(Exercise objective) Strip the pictures, then copy the remaining data exactly as it stands.

(Given information)
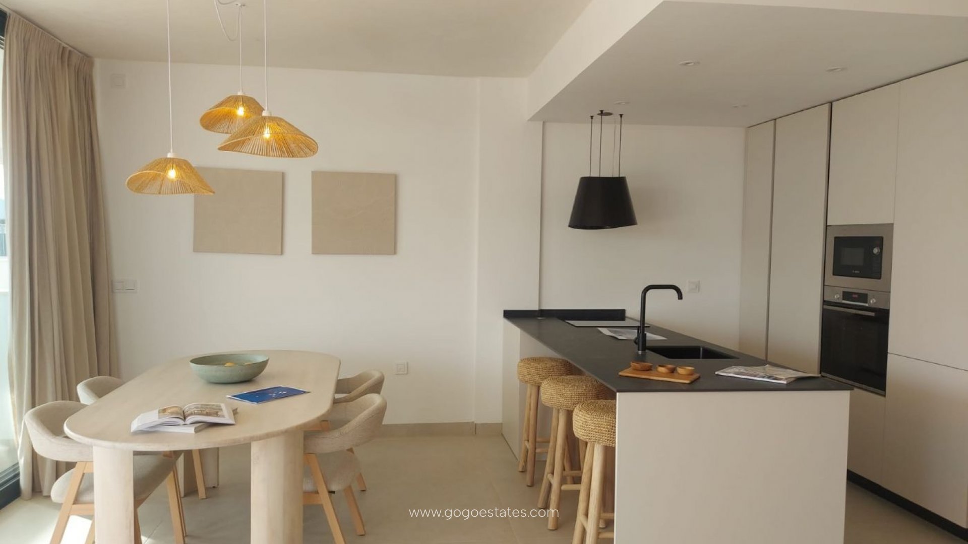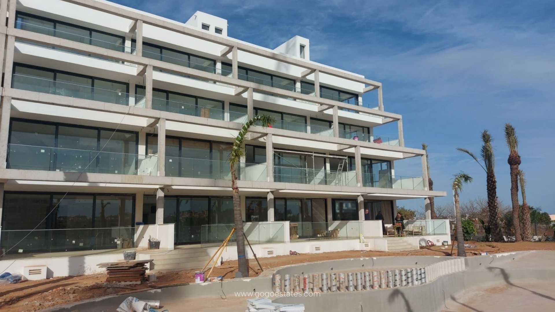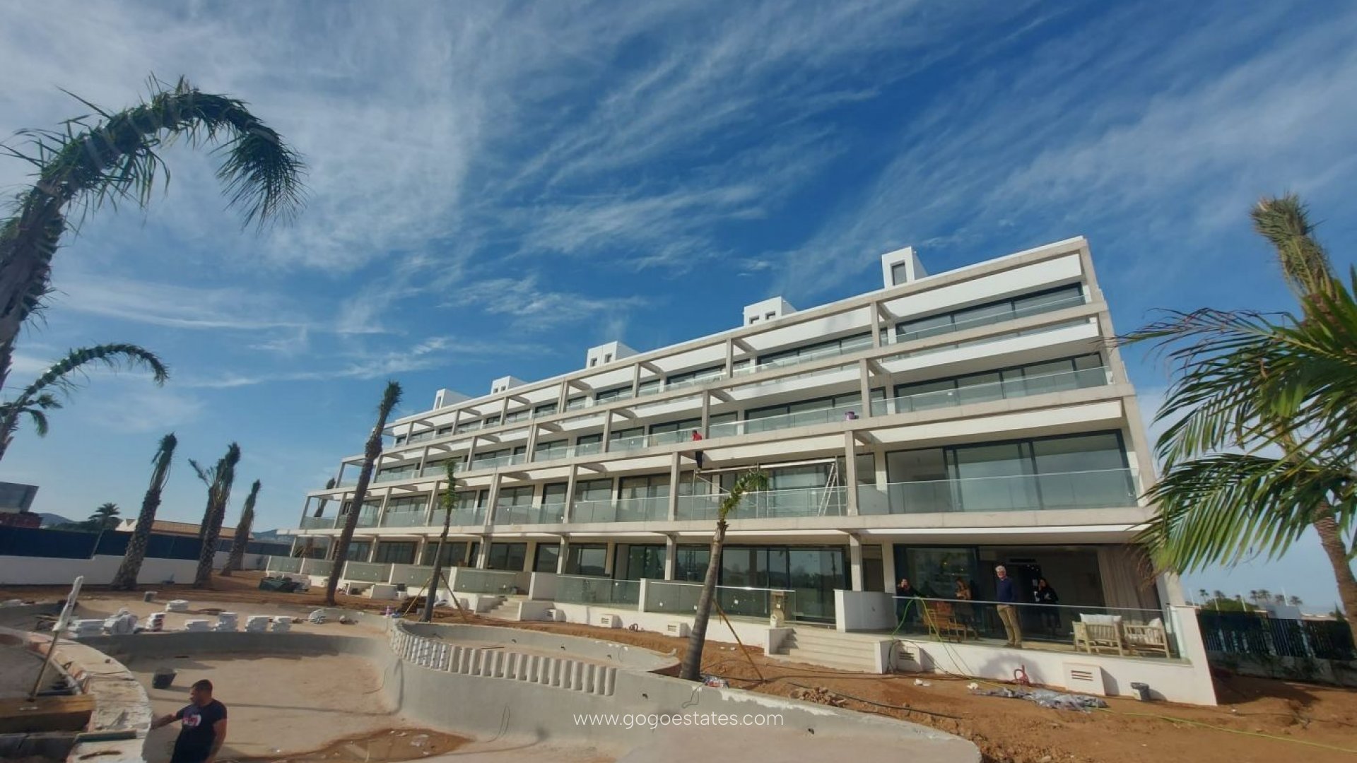 Modern style apartments with 2 or 3 bedrooms and 2 bathrooms beautifully located 500 meters from the beaches of Mar De Cristal. They all have a living room with a modern open kitchen and very large sliding windows that give access to the front terrace. It is located above the pool and from the terrace you have beautiful mountain views. The penthouses have fantastic sea views. The price includes an underground parking space and a storage room.~~In front of the luxurious building there is a communal garden with lawn for sunbathing and a large swimming pool.~The luxury apartments are a short walk from the beaches of Mar De Cristal in a quiet area but close to everything you need for a good vacation or to live there permanently. The beautiful and idyllic fishing village of Cabo de Palos, as well as Los Belones with its many restaurants, are less than 5 minutes away by car. La Manga, with 36 km of beaches, is also a 5-minute drive away. Cartagena's main shopping center is 10 minutes away by car. The city of Cartagena, with its many shops, is a 15-minute drive away. The city of Murcia 30 minutes away.~~Murcia Corvera airport is just 25 minutes away and Alicante airport is 60 minutes away by car.~~Apartments with fantastic views and beautiful nature around.~~2 BEDROOMS 2 BATHROOMS FIRST FLOOR APARTMENTS FROM €245.000rnrn3 BEDROOMS 2 BATHROOMS APARTMENTS FROM €325.000~
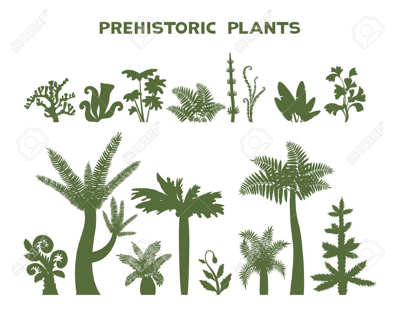 Ilustracion Vectorial Con La Coleccion Botanica Silueta De Plantas Prehistoricas Sobre Un Fondo Blanco Ilustraciones Vectoriales Clip Art Vectorizado Libre De Derechos Image 75462510
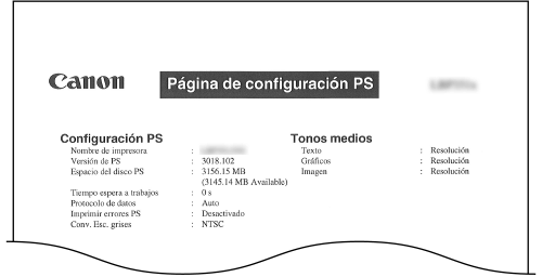 Las opciones para utilizar el modo PS y los elementos de información interna registrados en el equipo se imprimen en forma de lista.

(Exercise answer)
 Modern style apartments with 2 or 3 bedrooms and 2 bathrooms beautifully located 500 meters from the beaches of Mar De Cristal. They all have a living room with a modern open kitchen and very large sliding windows that give access to the front terrace. It is located above the pool and from the terrace you have beautiful mountain views. The penthouses have fantastic sea views. The price includes an underground parking space and a storage room.~~In front of the luxurious building there is a communal garden with lawn for sunbathing and a large swimming pool.~The luxury apartments are a short walk from the beaches of Mar De Cristal in a quiet area but close to everything you need for a good vacation or to live there permanently. The beautiful and idyllic fishing village of Cabo de Palos, as well as Los Belones with its many restaurants, are less than 5 minutes away by car. La Manga, with 36 km of beaches, is also a 5-minute drive away. Cartagena's main shopping center is 10 minutes away by car. The city of Cartagena, with its many shops, is a 15-minute drive away. The city of Murcia 30 minutes away.~~Murcia Corvera airport is just 25 minutes away and Alicante airport is 60 minutes away by car.~~Apartments with fantastic views and beautiful nature around.~~2 BEDROOMS 2 BATHROOMS FIRST FLOOR APARTMENTS FROM €245.000rnrn3 BEDROOMS 2 BATHROOMS APARTMENTS FROM €325.000~
 Ilustracion Vectorial Con La Coleccion Botanica Silueta De Plantas Prehistoricas Sobre Un Fondo Blanco Ilustraciones Vectoriales Clip Art Vectorizado Libre De Derechos Image 75462510
 Las opciones para utilizar el modo PS y los elementos de información interna registrados en el equipo se imprimen en forma de lista.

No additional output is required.